Each line of the data below between the one containing "Het perceel waarop" and the one containing "Uma adorável caneca", both included, is to be repeated exactly. Please omit pictures.
+++ Dataset entries
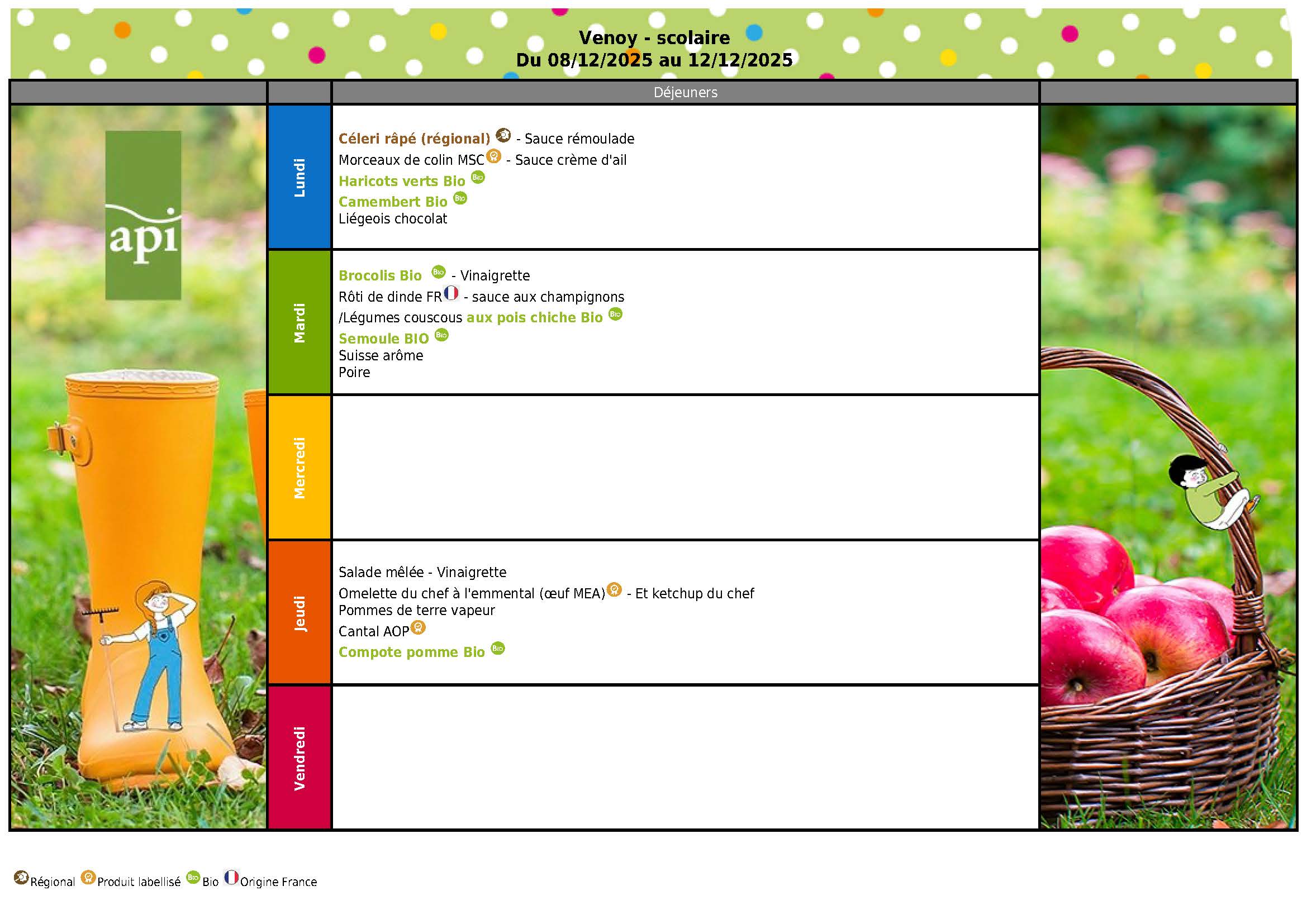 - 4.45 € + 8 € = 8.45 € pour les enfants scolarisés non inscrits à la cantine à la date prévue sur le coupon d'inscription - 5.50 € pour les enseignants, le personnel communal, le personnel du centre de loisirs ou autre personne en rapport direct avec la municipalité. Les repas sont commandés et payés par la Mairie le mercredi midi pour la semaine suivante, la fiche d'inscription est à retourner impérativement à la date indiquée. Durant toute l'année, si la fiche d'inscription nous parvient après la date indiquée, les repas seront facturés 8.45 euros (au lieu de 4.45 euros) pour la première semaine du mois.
++++++
+++ Dataset entries
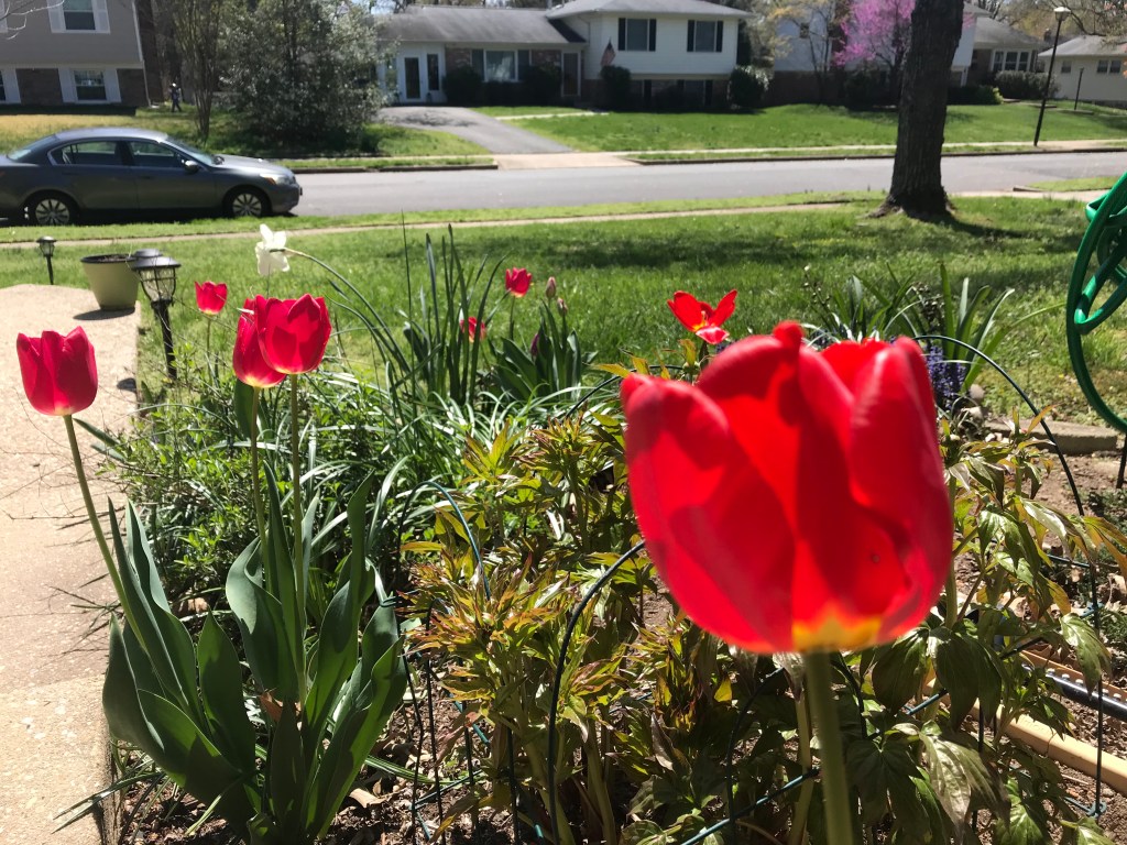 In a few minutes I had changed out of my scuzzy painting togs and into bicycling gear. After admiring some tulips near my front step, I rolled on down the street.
++++++
+++ Dataset entries
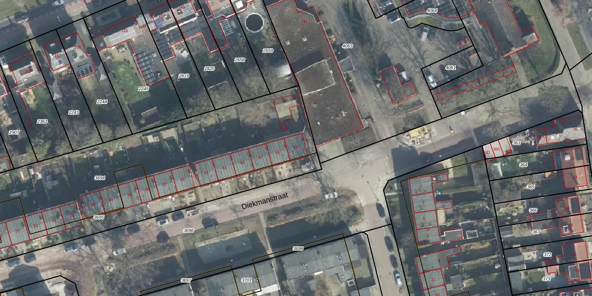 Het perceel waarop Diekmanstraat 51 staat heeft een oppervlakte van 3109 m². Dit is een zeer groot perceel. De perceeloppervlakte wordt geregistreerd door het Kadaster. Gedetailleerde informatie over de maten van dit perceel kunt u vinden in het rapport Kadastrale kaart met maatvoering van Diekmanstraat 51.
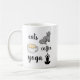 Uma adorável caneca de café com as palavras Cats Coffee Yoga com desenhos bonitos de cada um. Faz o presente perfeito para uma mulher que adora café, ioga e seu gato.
++++++
**Expected answer:**
 Het perceel waarop Diekmanstraat 51 staat heeft een oppervlakte van 3109 m². Dit is een zeer groot perceel. De perceeloppervlakte wordt geregistreerd door het Kadaster. Gedetailleerde informatie over de maten van dit perceel kunt u vinden in het rapport Kadastrale kaart met maatvoering van Diekmanstraat 51.
 Uma adorável caneca de café com as palavras Cats Coffee Yoga com desenhos bonitos de cada um. Faz o presente perfeito para uma mulher que adora café, ioga e seu gato.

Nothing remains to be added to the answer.